The keywords I had chosen occurred in the biography “Lincoln” by David Herbert Donald. But the book was not providing a useful context snippet to Amazon. So I went down to the library, and got the book out. I looked up “emancipation” in the index — far too many pages listed. Looked up cow, and of course found nothing. Ugh.

My lunch break was slipping away. In a moment of insight, I went to the terminal in the library and pulled up Amazon.com. I did “search inside the book” again. While the snippet didn’t appear, it gave me the page number: page 396. I turned to the page — Aha! There was the source of the Hesse version. It talked of a long-winded anecdote about a Western case involving a cow.

Which raises the question: why do the defenders of “truth” want to make it so hard to verify their sources?

(The answer, in case you haven’t guessed yet, is they aren’t defenders of truth. They are defenders of authority. And from Ancient Egypt on, authority was maintained by having exclusive access to information… )

I won’t belabor this much longer. The source of the quote in the Lincoln biography is an obscure quarterly from 1950, the nearest available copy of which is in Worcester, about an hour and a half away. I thought of getting the article through Interlibrary Loan, but realized from the title “A Conference with Abraham Lincoln: From the Diary of Nathan Brown” that even if I got the journal, the article relied on a diary that would not be accessible to me.

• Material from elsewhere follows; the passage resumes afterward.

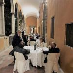 In occasione delle manifestazioni organizzate dal Comune di Ravenna a celebrazione del settecentenario dalla morte di Dante, la Delegazione di Ravenna, unitamente alle altre Delegazioni della Romagna, ha organizzato una cena dal titolo “700 VIVA DANTE” nella storica cornice dei chiostri della Classense. L’incontro conviviale ha inteso proporre una rivisitazione della cucina e dei cibi impiegati nelle varie preparazioni ai tempi del grande poeta. Il Delegato Davide Rossi ha sottolineato come la promozione di iniziative dirette alla ricerca anche a livello storico dei cibi e delle preparazioni gastronomiche rientri tra i compiti fondamentali dell’Accademia. Pur non offrendo Dante nelle sue opere molti spunti in tema di cibi e di cucina, il XIII secolo, epoca cui lo chef si è ispirato, risulta abbastanza ricco di informazioni. Sono infatti sopravvissute sino ai giorni nostri, scritte nella maggior parte delle lingue europee, più di 70 raccolte di ricette medievali. La proposta dello chef, articolata a mo’ dei tre canti della Divina Commedia, è stata accolta con piacevole sorpresa dai partecipanti; ha permesso loro di calcare le orme della cucina di 700 anni fa, offrendo la possibilità di fare un ideale e personale confronto tra quello che si mangia di norma oggi e ciò che si metteva in tavola in un banchetto ai tempi di Dante. Come ha ricordato il direttore della Classense e della Cultura del Comune di Ravenna, prof. Maurizio Tarantino, cucina e gastronomia sono oggi indubbi elementi di cultura non solo materiale.
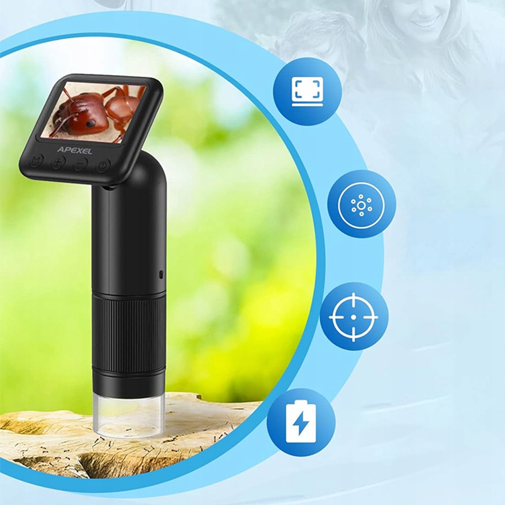 - Портативний цифровий мікроскоп, оснащений 2-дюймовим РК-екраном HD та 6 світлодіодним світлом, з простою функцією фокусування, завдяки якому ви можете встановити об'єкт. Лінзи, а потім повільно встановіть фокус відображеної інформації, щоб побачити деталі.

So the Hesse version appears based on a single, non-primary source which references a journal article the author didn’t read, and the journal article references a diary that neither the author of the WaPo article or the author of the biography has ever seen.

It’s a big circle of trust, none of it linkable. And yet the web people, who are insisting on verifiable, linked sources are somehow the intellectually sloppy ones.

A final check

Still, given my source was from 1912, and the unverifiable source was likely contemporary, I could only prove that the quote being bemoaned as a prodct of “wikiality” had a good history, and was more verifiable. I couldn’t prove that it was more likely. So I called in a favor. I used to be a programmer for the amazing Readex “Early American Newspapers” project, the project to create a searchable full text database of this nation’s periodicals from pre-revolutionary times until 1876. So I emailed a person I know that still programs there. I asked them if they could punch in “Lincoln” and “calling a tail a leg” into the product and send me back the first results.

Sixty seconds later I had my answer — Web: 1, Books: 0.

What Lincoln said to the party visiting him — well, it was reported in the Chicago Tribune at the time.

And it’s not a “long-winded anecdote about a cow”, but rather, it’s much closer to that quote that appears in all those crazy wikis.

Headline: Lincoln’s Own Construction of His Proclamation;
Article Type:News/Opinion
Paper: Macon Telegraph, published as Macon Daily Telegraph;
Date: 10-23-1862; Issue: 841; Page: [3];

LINCOLN’S OWN CONSTRUCTION OF HIS PROCLAMATION — A little while anterior to Lincoln’s interview with the clerical committee (says the Chicago Tribune) a couple of other abolition fanatics found their way to the President and pressed upon him the emancipation scheme, and this was his reply: You remember the slave who asked his master — if I should call a sheep’s tail a leg, how many legs would it have? ’Five’ ’No, only four, for my calling a tail a leg would not make it so.”

(Incidentally, the Readex Collection of Early American Newspapers is the most exciting thing going on in historical databases today — if your institution doesn’t have a license to it, you’re not serious about American History. Go check it out…)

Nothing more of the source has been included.